I would hate for him to get bullied to death and am hoping anyone has some advice on what to do. I have spare tanks (20 long), but do not have anything set up to be able to move anyone at the moment. Is there anything I can do to help them find love again? Will they naturally pair back up, or are broken bonds permanent?

If not, should I fill a 20L and move one of my filters over for the bullied male? It would be bare-bottom with no lights or decorations.

The earliest I would be able to set up something up for him to permanently live in would be tomorrow morning. Thanks for any advice!

Tank:
55 gal with two aq70's
8 X P. nigripinnis
1 X A. Calvus
2 X J. transcriptus
1 X Bristlenose pleco
*all fish are juveniles

pH: 8.2 0/0/5


----------



## Iggy Newcastle (May 15, 2012)

Welcome to C-F

You stated the fish are all juveniles. Did you buy several Julies and a pair formed? Or did you start with 2?
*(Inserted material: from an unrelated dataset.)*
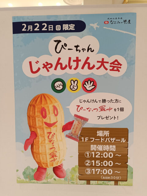 - 2月22日(日)「ぴーちゃんじゃんけん大会」 – マスコットキャラクター「ぴーちゃん」とのじゃんけん大会(12時・15時・17時の3回開催)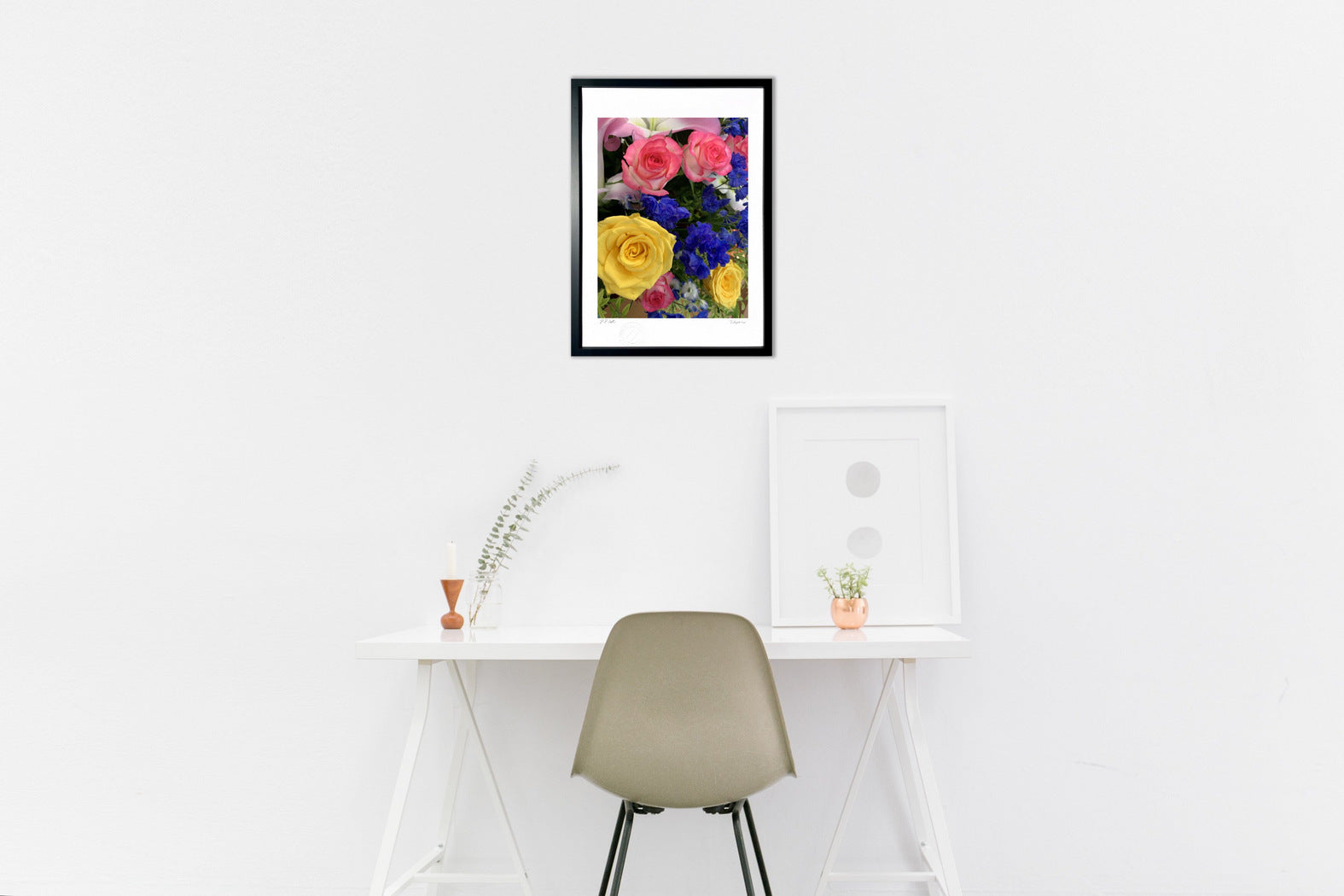フレームカラーは作品画像の額縁でお届けします。 ご希望があれば変更も可能。ホワイト・ナチュラル・ブラウン・ブラックからお選び頂けます。ご希望の場合は、ご注文時備考欄に「○○フレーム希望」とご記入ください。

Definitely setup the extra tank, especially if the exiled fish cannot leave the upper corner without being attacked. You could also try removing the aggressor.


----------



## Keeper_of_Cichlids (Nov 3, 2018)

Hi, and thank you for the feedback!

I started with 2. Prior to this water change, they showed no signs of aggression and seemed to readily pair up. Maybe I misread their behavior (see video from 1 month ago), but I'll definitely move one out ASAP. Are you aware of some bonds forming back once broken?


----------



## Iggy Newcastle (May 15, 2012)

Typically, you start out with 6+ individuals and allow a pair to form. Not all fish are 'compatible' with one another so you need to give them options. At that point, you either remove the pair to their own tank, or the extras. In larger tanks you may have more than 1 pair existing.

Your Julies certainly looked to be a couple. Pair bonds do break down. This is common especially in south and Central American cichlids, where a tank divider is often used when needed. I have limited experience with Tanganyikan fish, so I cannot confidently say if these fish would ever be compatible. Best bet would be to remove 1 until you can source a few more. After you quarantine the newcomers, add all the julies together into the 55. Let them sort it out.
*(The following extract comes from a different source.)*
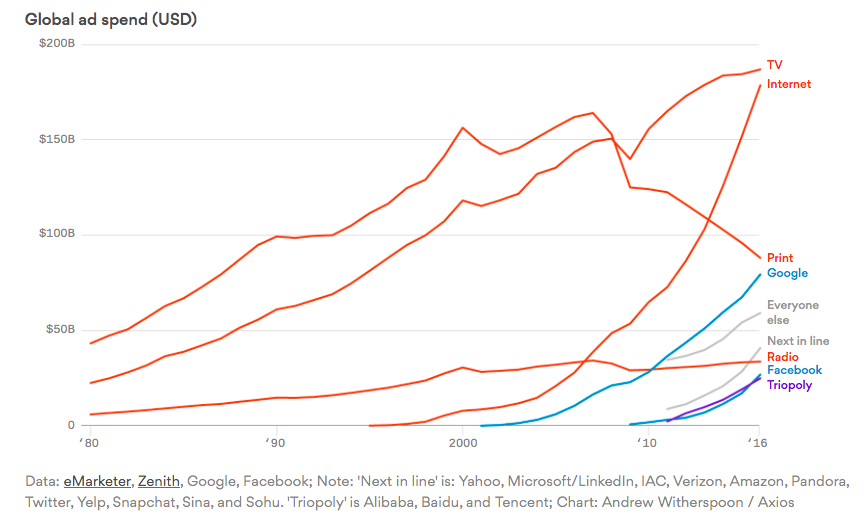 Утром мы писали о хороших новостях для американских медиа, но вообще-то эта неделя была как никогда богата на плохие. Здесь перечисляются они все: Buzzfeed и Vice (оба собираются на IPO) показали прибыль ниже прогнозов; основатели Mashable продали сайт холдингу Ziff Davis всего за $50 млн — на $200 млн дешевле, чем оценка, полученная в предыдущем инвестиционном раунде; в контентном подразделении оператора связи Verizon (владеет Yahoo!, AOL и Huffington Post) сокращают 560 человек. И это только начало: медиарынок только начинает накрывать кризис, который будет углубляться с ростом рекламных доходов Google и Facebook.

Also, your fish appear to be Julidichromis Marlieri 'Gombe' which used to be considered Transcriptus. Hopefully someone more experienced chimes in on this.


----------



## wryan (Dec 6, 2015)

When clicking on the video I get a "Video Unavailable" error message ...

When looking at the fish in the poster frame for the video, the fish appears very similar pattern-wise (checkerboard) to 6 fish that were sold to me as J. transcriptus ... but Iggy may well be correct as to the identification.

FWIW, I also have a pair of J. transcriptus "Zambia" which I recently picked up that have a different pattern (barred vertically only, rather than checkerboard)

I would remove the targeted fish asap ... I recently lost a J. ornatus that got killed off in less than 24 hours after I first noticed it hovering at the top front corner.


----------



## Iggy Newcastle (May 15, 2012)

Here's what I'm referring to-
https://www.cichlid-forum.com/profiles/ ... hp?id=1537

It's a dwarf form of Marlieri. I do have some, but no pictures to share.


----------



## wryan (Dec 6, 2015)

Iggy Newcastle said:


> Here's what I'm referring to-
> https://www.cichlid-forum.com/profiles/ ... hp?id=1537
> 
> It's a dwarf form of Marlieri. I do have some, but no pictures to share.


Heheheh ... interesting ... :thumb:

Those look a lot like the "Zambia" transcriptus I have.

I'm going to have to do some studying up to properly differentiate.

The original ones I bought as J. transcriptus look like the fish in my avatar.


----------



## Iggy Newcastle (May 15, 2012)

cichlidae.com shows that Transcriptus is only native from 3 localities in Congo. Marlieri from the country Zambia. Many localities. It's confusing


----------



## Keeper_of_Cichlids (Nov 3, 2018)

wryan said:


> Iggy Newcastle said:
> 
> 
> > Here's what I'm referring to-
> ...


My pair were also sold as transcriptus "Zambia". Here's a more recent image of the aggressor since the video didn't work:










Regardless, thanks you for your advice! I set up the 20 and now I just have to pull out all the rock work to net one of them. :?


----------